Exercise directions> Word for word, please copy the listing below, with its pictures left out.

Dataset excerpt>
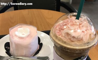 韓国スタバ 韓国スタバのさくらプロモーションでチェリーブロッサムラテと春の日ケーキ♪
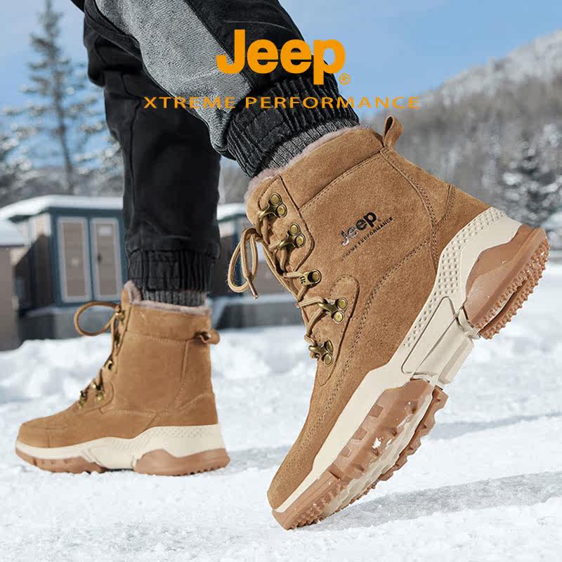 jeep gip male shoes winter new gush thickened warm short boots men high helps cotton shoes genuine leather boots snowy boots-Taobao
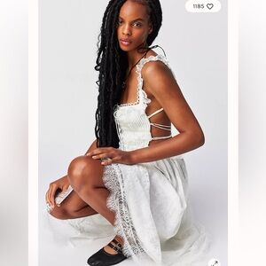 The perfect blend of sweet and sultry, this stand-out midi dress is featured in an apron-inspired design with lace detailing, super strappy back, and sheer bottom piecing for added dimension.
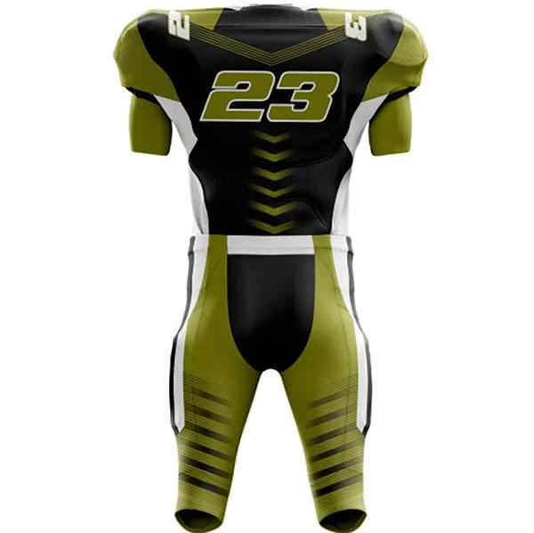 ชุดเครื่องแบบอเมริกันฟุตบอลพิมพ์ลายโลโก้แบบกำหนดเองผ้าฝ้าย100% โพลีเอสเตอร์ป้องกันแบคทีเรีย

Solution for this problem>
 韓国スタバ 韓国スタバのさくらプロモーションでチェリーブロッサムラテと春の日ケーキ♪
 jeep gip male shoes winter new gush thickened warm short boots men high helps cotton shoes genuine leather boots snowy boots-Taobao
 The perfect blend of sweet and sultry, this stand-out midi dress is featured in an apron-inspired design with lace detailing, super strappy back, and sheer bottom piecing for added dimension.
 ชุดเครื่องแบบอเมริกันฟุตบอลพิมพ์ลายโลโก้แบบกำหนดเองผ้าฝ้าย100% โพลีเอสเตอร์ป้องกันแบคทีเรีย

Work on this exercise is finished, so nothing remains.